Last night saw the totally cute and charming college production of "Take Her, She's Mine," the long-obscure 60s Broadway show by Phoebe and Henry Ephron that, amazingly, I had somehow seen way back then and of which I retain no memory other than the title. Was interested to see the Harvard production in the Adams Pool (a former indoor swimming pool long ago converted into a very crowded small theater) - this show still set in the 60s - a story of a Beverly Hills fam sending daughter off to college with Dad's great trepidations about what will happen to her and with typically sexist thoughts that her sole or primary purpose in college is to find a husband - original version sent her to fictional college modeled on Wellesley but in this adaptation, by the smart student-director Madeleine Bennett (sp?) she's a Radcliffe student.
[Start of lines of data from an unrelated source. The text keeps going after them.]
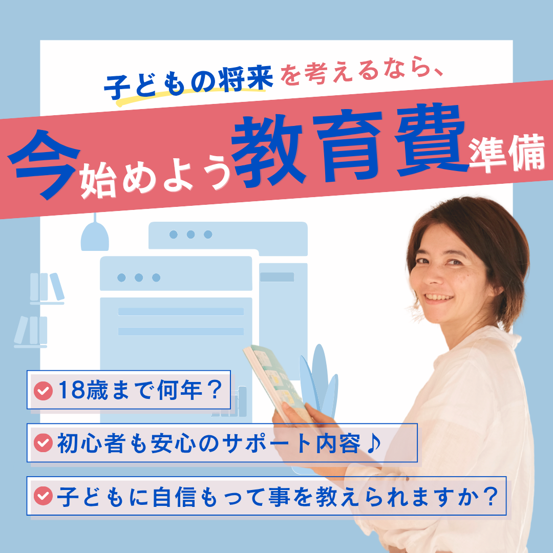 そういった【家計管理】や【教育費】の話が初心者の方にも安心してお金を貯めるスキルを個別レッスンにてお伝えしています♪ 以前は子どもの教育費に悩んだママとして、いまでは証券外務員の資格も活かしつつ教育費〜家計管理〜投資まで幅広くお伝えしています。 子育て中のママに特化した家計スクールを運営しています。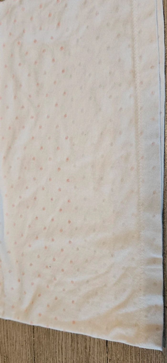 Blouse classique blanche avec des points roses tendres. Il y a 3 petits boutons au com. Peu mis. Convient pour du 5 à 6 ans. Ma fille ne l a mise qu une ou deux fois #deborahtock_5ans #deborahtock_6ans
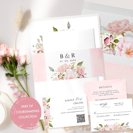 Pink, Blush, Burgundy Floral Wedding Tear Off RSVP All In One Invitation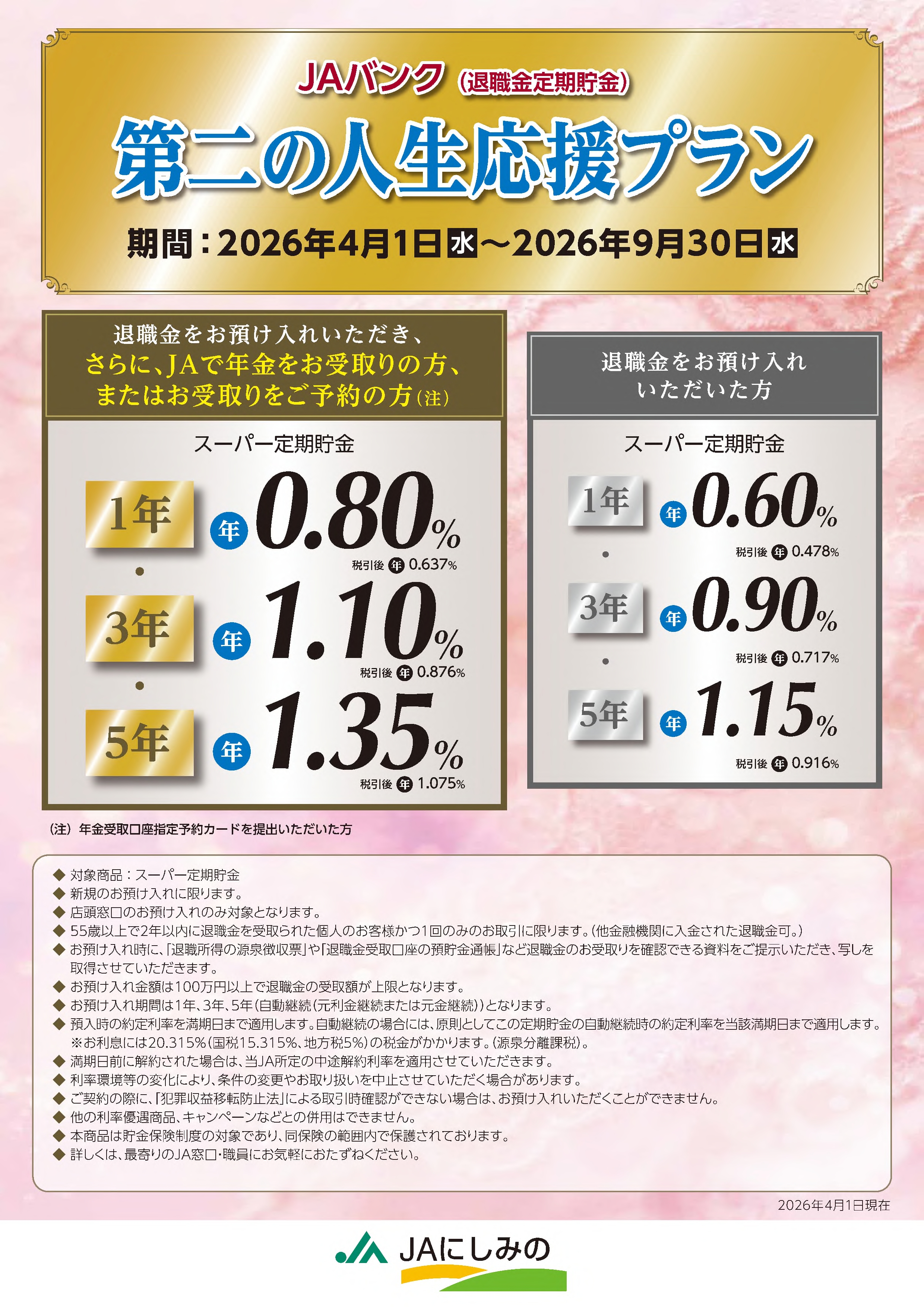 ただいまJAにしみのでは、JAバンク退職金定期貯金”第二の人生応援プラン”を実施しています。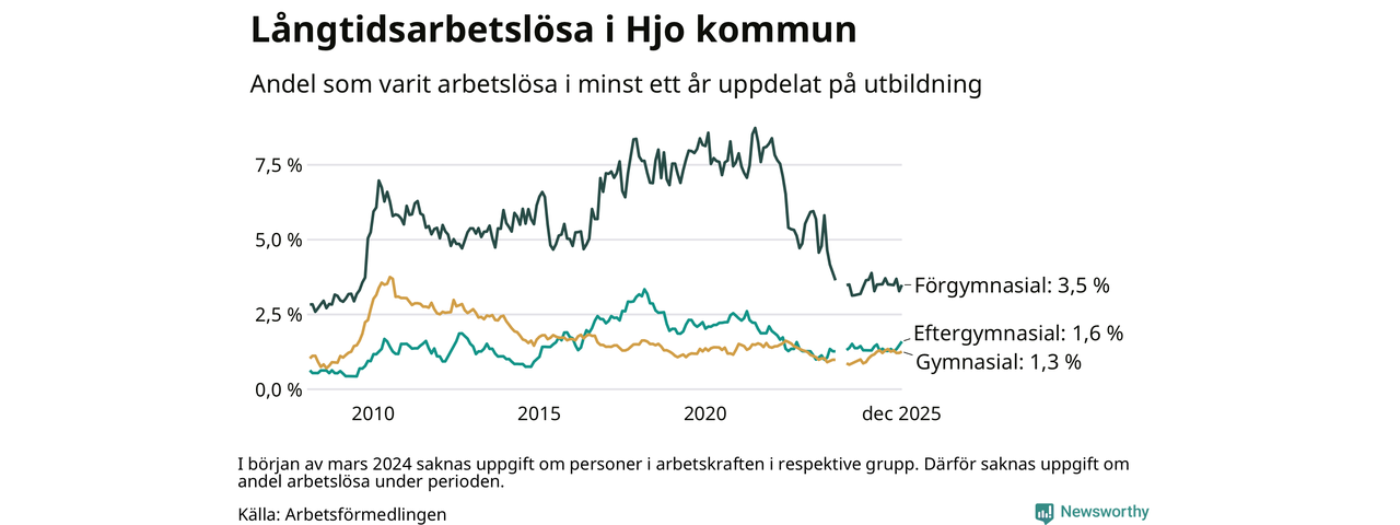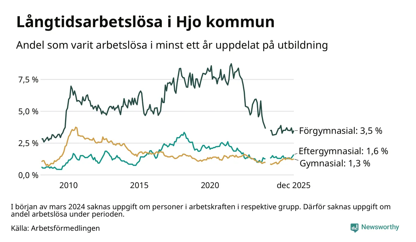 | Andel arbetslösa i minst ett år | 1,6 % | 2,5 % | 2,9 % |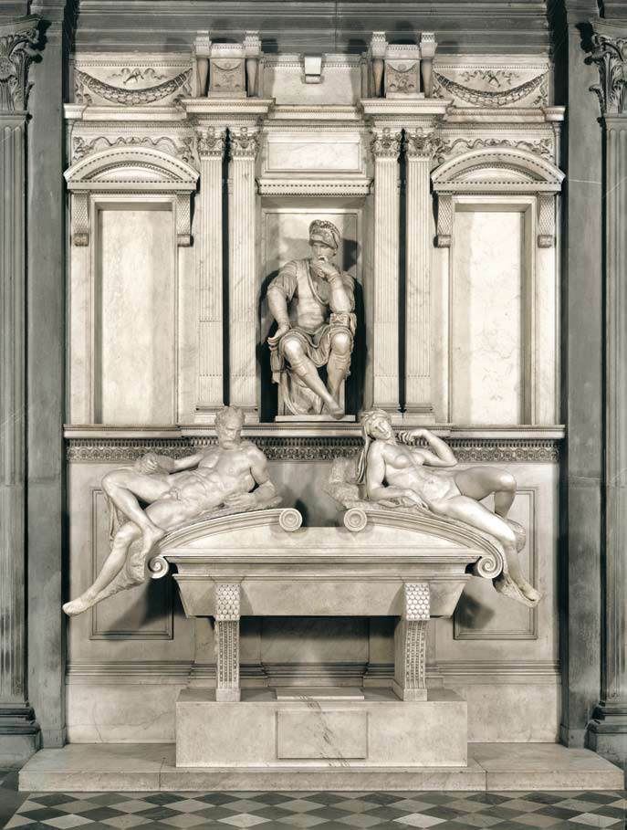 Michelangelo carried out his first architectural work in his hometown of Florence by order of the Papacy. In 1513, the Pope X.Leo elected was planning new arrangements for the Church of San Lorenzo with his successor, VII. Klemens. San Lorenzo Church was close to the palace of the Medicis. Michelangelo was first given the task of building the facade of the Church of San Lorenzo. The artist ceased construction of facade and started working on the tomb chapel and library of the Medicis church complex. The staircase project in the entrance hall of the library was completed by architect Bartolomeo Ammannati in accordance with the design of Michelangelo. For the other members of the Medici family, the construction of the New Cemetery was planned in front of the Old Cemetery in San Lorenzo. On the sidewalls, the graves of Lorenzo de’Medici and his brother Giuliano Dei Medici were made. The graves of Lorenzo and Giuliano were opposite each other. In the tomb, there were figures of Lorenzo and Giuliano and two female and two male figures representing the four times of the day as on the sarcophagus. On the tomb of Giuliano, in the Night and the Daytime, Lorenzo's tomb had figures representing Dawn and Evening. The center of the grave complex was "Medici Madonna". Just like Michelangelo's many works, the New Cemetery could not be completed.

Apparently much else changed in the adaptation as well (which might explain why none seemed familiar to me from long-ago viewing), but they kept the (early) 60s lingo, mores, and attitudes (and soundtrack - which was maybe a few years more contemp than the show, but never mind) as well as the universal themes of family tensions, sexual tensions, and most of all of a year of pretension and maturation as the girl grows up and learns about herself. Production enormously energetic and lots of fun, including terrific scenes of guys getting ready for date night, dancing on New Year's eve, mom back in BevHills flirting with poolboy, funny period dancing and flirting, and special shoutout to the adorable Susanna Wolk, whom we've known forever and who killed as the kid sister who seems somehow wiser than her older sis and who keeps mom and dad (somewhat) sane.